Em vez da esquerda usar um partido da classe dominante dominado por imperialistas, racistas, burocratas e banqueiros para promover um projeto socialista, foi o Partido Democrata quem usou a esquerda para eleger Biden. Biden pediu que os apoiadores de Trump fossem vistos como compatriotas americanos, “não inimigos”, estendendo a mão para um Partido Republicano que também está totalmente comprometido com sua própria agenda de supremacia branca e de direita. Com o controle do Senado e uma maioria democrata relativamente pequena na Câmara dos Representantes, o Partido Republicano está prestes a bloquear as ações de Biden e de seu gabinete, às quais os próprios democratas não oferecerão qualquer resistência significativa. As próximas eleições parlamentares de meio de mandato e as presidenciais provavelmente serão tomadas pela direita como oportunidades para mitigar os desastres do Partido Democrata – ou seja, o aumento da luta de classes e a crise de lucratividade – votando em políticos do Partido Republicano, que aprenderam através dessas eleições, que um programa público e ousado de supremacia branca pode dar o poder ao seu partido.

A questão é se o direito do Partido Democrata conseguirá derrotar e expulsar os progressistas, que eles culpam abertamente por seus maus resultados, ou se estes últimos, que foram um tanto reforçados com várias novas cadeiras conquistadas e outras reeleições de democratas progressistas prevalecerão e a crise e as lutas internas continuarão. Isso aumentará a polarização e a luta política dentro do Partido Democrata, que continuará a buscar alianças com a ala neoliberal do Partido Republicano – muitos dos quais deram seu apoio a Biden – para se fortificarem contra sua ala esquerda.

A próxima crise no partido republicano

Também existe uma crise equivalente no Partido Republicano (GOP). Sabemos que o GOP está entrando em uma crise profunda porque a derrota de Trump também vem com contradições. Enquanto Trump destruiu o partido, marginalizou todas as vozes críticas e se comportou de maneira despótica, ele ao mesmo tempo conquistou o melhor resultado eleitoral do Partido Republicano em números brutos: 71 milhões de votos!

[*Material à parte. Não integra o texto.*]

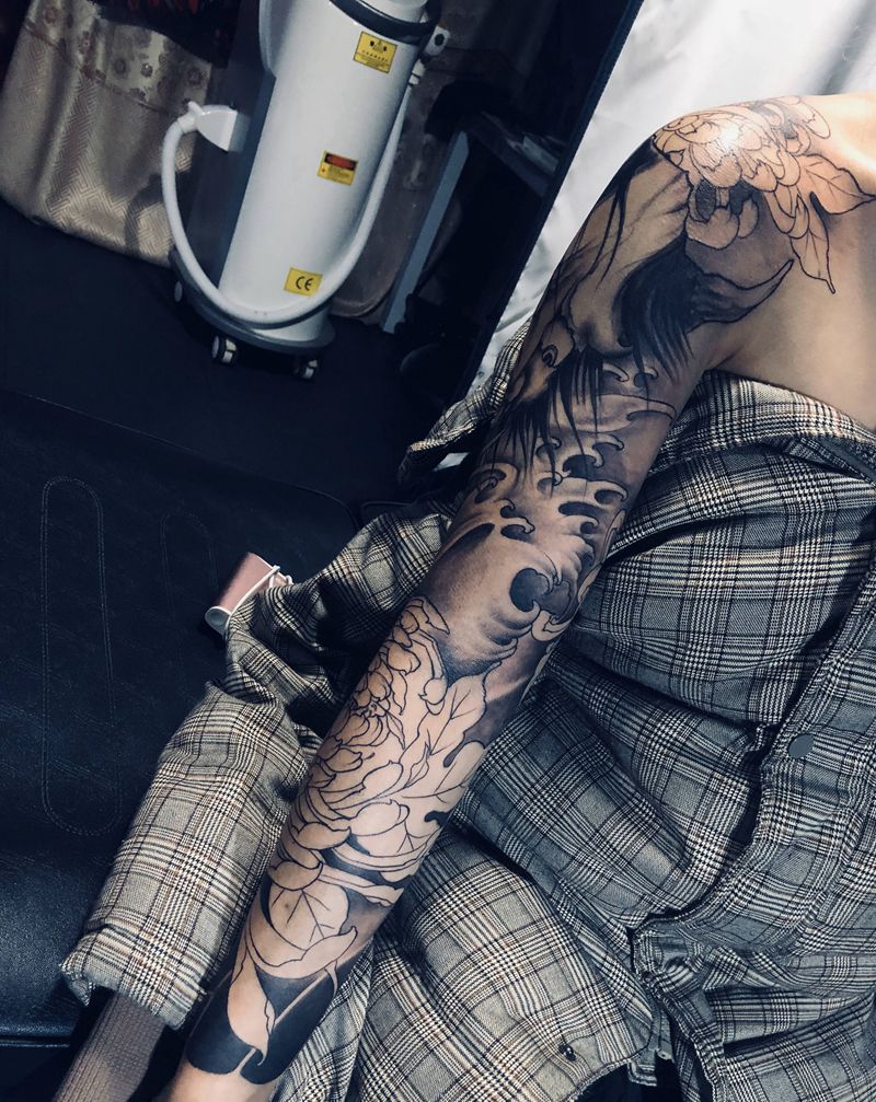 当前位置: 首页 >重庆市纹身店-子墨刺青工作室纹身图案>般若大花臂纹身图片_手臂新传统纹身图案

Além disso, ele aumentou sua base eleitoral em base a uma agenda abertamente racista e nacionalista, o que será um obstáculo em potencial para manter os eleitores não brancos que estão se tornando a maioria do eleitorado.

Não está claro se o GOP pode descartá-lo, apesar de sua derrota e de sua resistência em reconhecê-la, também porque não houve uma liderança alternativa a ele nos últimos quatro anos.

O GOP terá que decidir se Trump ainda é um patrimônio turbulento que pode ser controlado ou se precisa começar a procurar por um substituto. O que está claro é que eles não podem substituí-lo imediatamente e terão que se juntar a ele – se possível – até que encontrem uma nova liderança.

O fator decisivo será a luta de classes

Todos os fatores analisados ​​acima são importantes, mas sabemos que o destino da situação política nos EUA será definido por nossas lutas – ou pela ausência delas. Os trabalhadores nos EUA enfrentam uma emergência quádrupla, sanitária, econômica, social e ambiental e, como dissemos durante a campanha eleitoral, nem Trump nem Biden têm uma solução real para isso. Nosso único caminho a seguir é organizar e lutar por nossa sobrevivência, e no curso de nossa luta construir as ferramentas de nossa emancipação: organizações independentes e democráticas da classe trabalhadora (precisamos retomar nossos sindicatos!), e a organização de um partido político independente que esteja enraizado na nossa classe e nas suas lutas, que ganhe experiência nas conquistas operárias e que possa propor uma saída independente, uma saída socialista.